Maybe this is a story about human arrogance and how we needed to be taken down a notch. But the whole thing about humans becoming more powerful and God seemingly primarily motivated by that colors the whole thing against that theory.
The whole thing seems to portray a God that's very insecure about others being even remotely as powerful as him, even though ultimately he holds all the keys. This makes zero sense to me.
Reap, this is basically a myth to explain why different peoples have different languages, with a dash of "humanity should know their roles and not have hubris." You are WAY overthinking this stuff.
Gonna dial back on the religious fundamentalism thing in the future, I swear.
The bug in my brain I can’t shake though is the idea that God doesn’t seem to want anything being even remotely as powerful as him or thinking they can do so.
To me personally this sounds like insecurity, but I don’t think that’s the intention of the text.
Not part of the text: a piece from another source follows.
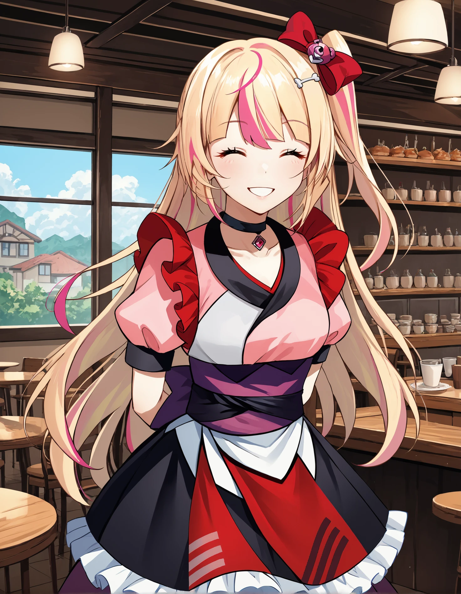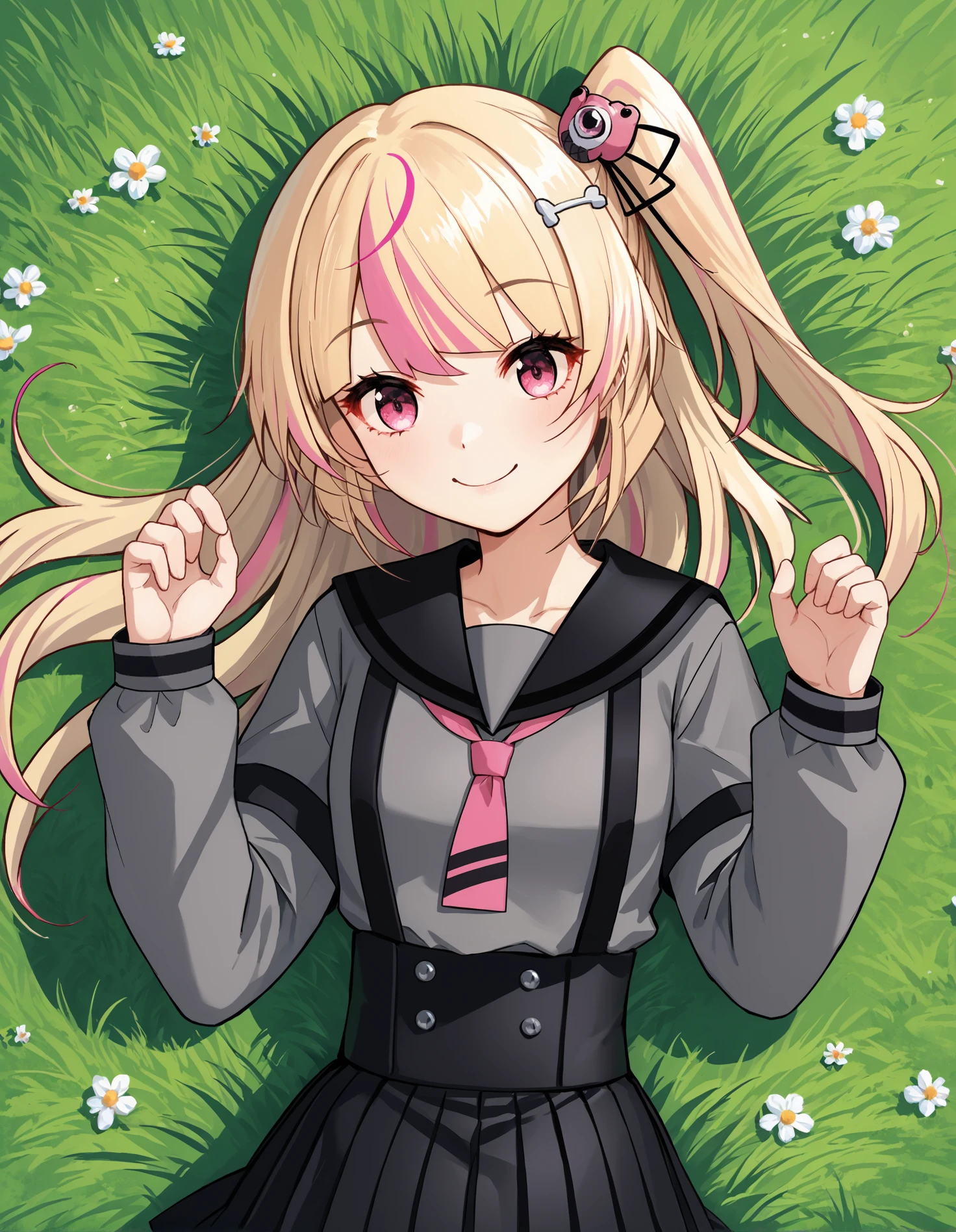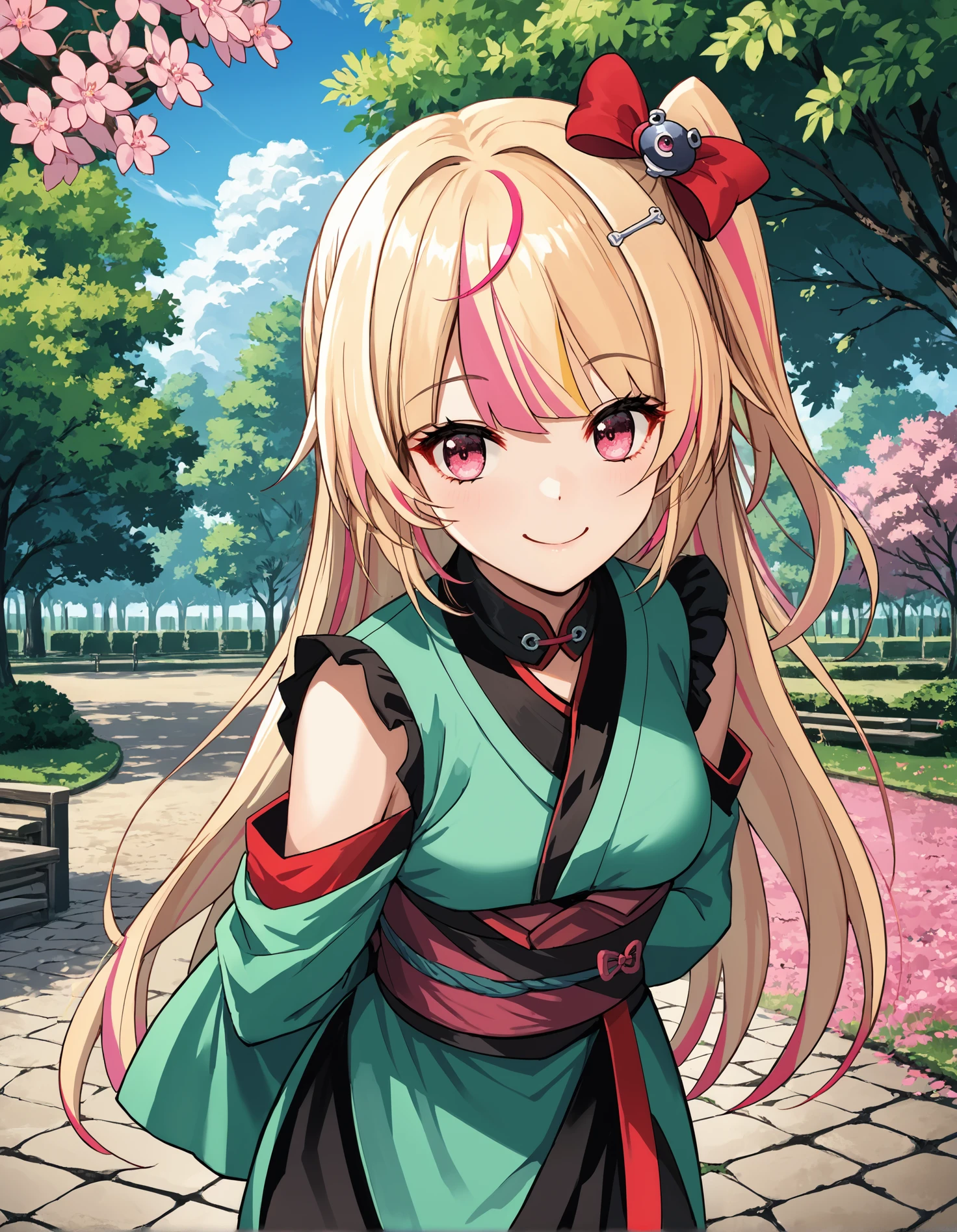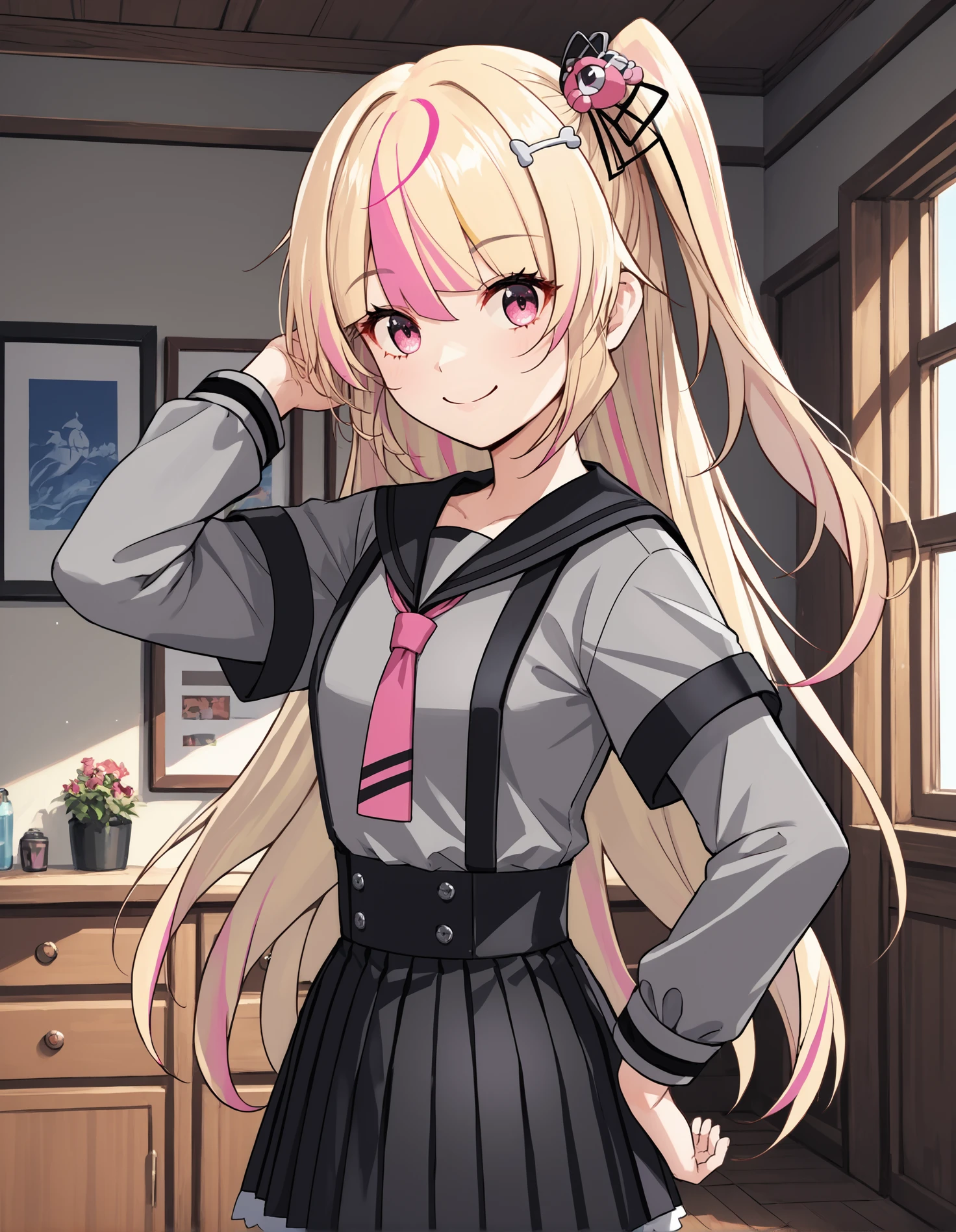 Appearance: blonde streaked hair, long hair, side ponytail, pink eyes

Instead of insecurity maybe it’s more a matter of God wanting his authority being unquestioned. Is that accurate?
Side question, why are people living longer than 120 years long after God said no one would do this?
I don't know. I know that yesh answered that the 120 years was the length of time between when that was said and the flood, and didn't refer to the age of men. That is a popular interpretation, but I'm not sure it works grammatically. In Genesis 6:3, it says "Then the LORD said, "My Spirit shall not abide in man forever, for he is flesh: his days shall be 120 years." (ESV) The word translated as "man" could be used for an individual or the entire species, but the word translated as "he" is the third person singular, not plural; to interpret that to mean humanity seems to not take the text seriously, but to make it say what we want it to say to avoid a seeming problem. It seems to be saying that the human lifespan will not exceed 120 years, not that mankind only has 120 to go.
I think I can finally (hopefully?) do something in this post that’s not just dumb or related to me being dumb.
Aside from the Hebrew grammar, the sentence itself specifically makes mention of how humanity is purely flesh. The Bible in Genesis 2 also mentions how humanity lives because God’s spirit is breathed into them.
So to render the sentence another way, without anything left unsaid, it seems to me to be saying: “Human beings without my spirit in them are merely dead flesh. My spirit will not reside in human beings forever, because they must die. The life span of human beings will therefore be limited to 120 years, because any longer and I will remove my spirit from them.”
Yeah, it could be about the flood. But the wording so strongly connects to the previous musings on what a person being alive is, that I don’t see how.
The overriding questions of this post:
Why am I seemingly reading this completely wrong? Everyone else in the universe seems to interpret this text completely differently from me or at least understands its intent.
You're just overthinking it.
I’ve heard it’s possible to engage in levels of thinking other than over-thinking and not thinking at all. But until I’ve actually experienced it personally, I’m going to treat it as a rumor.